Dieter drifts behind you, letting Libby pull ahead of him as he makes his way to the kitchen. Ego slightly bruised by the reception he received. Even if he hadn't wanted to meet you, argued against it, it was insulting the way you had just hurled 'fuck you Bravo' at him and slammed the fucking door in his face. Plenty of people would want to be with him, had tried to convince Libby they were his soulmate, and he was stuck with someone who fucking hated him. "Are we sure?" He asks Libby again when he makes it into the kitchen, looking over at you where you were putting the flowers in a vase and watering them.
Libby sighs, short and staccato like a hrrumph and nods slightly. “Her sister-in-law is the one who contacted us,” she admits quietly. A fact that she had considered need-to-know for Dieter before this. “We’ll spin this and make it work, Dee. I promise.”

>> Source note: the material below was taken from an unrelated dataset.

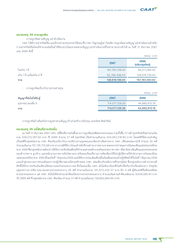 ณ์วันที่่31ธันวาคัม2567กพิ่ที่.หน่สำินที่่อาจเกิด้ขึนจากการถึ้กฟื้้องคัด้่ตั่อศาลปีกคัรองรวมที่ังสำิน37คัด้่ทีุ่นที่รพิ่ั ย์เปี็นจําานวนเงิน รวม 206,012,367.93 บิาที่ (ปีี 2566 จําานวน 37 คัด้่ ทีุ่นที่รพิ่ั ย์ เปี็นจําานวนเงินรวม 204,052,316.60 บิาที่) โด้ยคัด้่ที่่ม่คัวามสำําาคััญ เปี็นคัด้่ที่่กลุ่มพิ่นักงาน กพิ่ที่. ฟื้้องร้องเก่ยวกับิการบิรหิ ารงานบิุคัคัลและเรย่ กคั่าเสำ่ยหายจาก กพิ่ที่. เพิ่้อช่ด้เช่ยรายได้้ จําานวน 30 คัด้่ จําานวนเงนิ รวม151,176,770.98บิาที่จากกรณ์่ที่่ม่การโอนเจ้าหน้าที่่กรมที่่าอากาศยานตัามพิ่ระราช่กําาหนด้การบิินพิ่ลเรอ้ นแห่งปีระเที่ศไที่ย พิ่.ศ.2558ซึ่งึ กล่มุ พิ่นักงานด้ังกล่าวได้้รบิั การปีรบิั เงนิ เด้้อนที่่คัําานวณ์ตัามหลักเกณ์ฑิ์ของปีระกาศกพิ่ที่.เรอ้ งอัตัราเงนิ เด้้อนและคั่าตัอบิแที่น ของข้าราช่การ ล้กจ้าง และพิ่นักงานราช่การสำังกัด้กรมการบิินพิ่ลเรอ้ นที่่ผู้่านการคััด้เล้อกใหไปีปีฏิิบิัตัิงานที่่สำําานักงานการบิินพิ่ลเรอ้ น แห่งปีระเที่ศไที่ยพิ่.ศ.2559ตัังแตั่วนั ที่่1มิถึุนายน2559และได้้รบิั การปีระเมินเล้อนขันเงนิ เด้้อนก่อนเข้าปีฏิิบิัตัิหน้าที่่ในวนั ที่่1มิถึุนายน2559 และเข้าสำ่้กระบิวนการปีระเมินผู้ลการปีฏิิบิัตัิงานตัามโคัรงสำร้างของ กพิ่ที่. เช่่นเด้่ยวกับิพิ่นักงานที่่บิรรจุใหม่ ซึ่ึงกลุ่มพิ่นักงานอ้างว่าคัวรม่ สำิที่ธิได้้รบิั การปีรบิั เงินเด้้อนให้เหมาะสำมกับิปีระสำบิการณ์์ ซึ่ึงในขณ์ะนัน กพิ่ที่. ยังไม่ม่ระเบิ่ยบิที่่บิังคัับิใช่้เก่ยวกับิเรอ้ งด้ังกล่าว ปีัจจุบิัน อย้่ระหว่างการพิ่ิจารณ์าของศาลปีกคัรองกลาง 26 คัด้่ จําานวนเงินรวม 141,670,205.07 บิาที่ อ่ก 4 คัด้่ ผู้้้ฟื้้องคัด้่ย้นฟื้้องคัด้่ตั่อ ศาลปีกคัรองกลาง แตั่ กพิ่ที่. ยังไม่ได้้รบิั สำําาเนาคัําาฟื้้องใหม่จากศาลปีกคัรองกลาง จําานวนเงินตัามคัําาฟื้้องเด้ิมรวม 9,506,565.91 บิาที่ (ปีี 2566 คัด้่ ที่่กลุ่มพิ่นักงาน กพิ่ที่. ฟื้้องร้อง จําานวน 31 คัด้่ จําานวนเงินรวม 139,962,864.65 บิาที่)

“What do you want from me?” You can hear them whispering - he might be quiet but she’s too forceful for that - and frown again as you pull three clean coffee mugs and the sugar bowl out of the cupboard. “Why look now. What’s the angle?”
"I'm ready to settle down." Dieter quips, the comment sounding more like a question than a statement and he watches your back while you pour coffee, something he would sell his fucking soul for right now since he can't have a little toot like he really wants. "Why didn't you?" He asks. "Look for me. Or you know, get in contact with me since you obviously knew."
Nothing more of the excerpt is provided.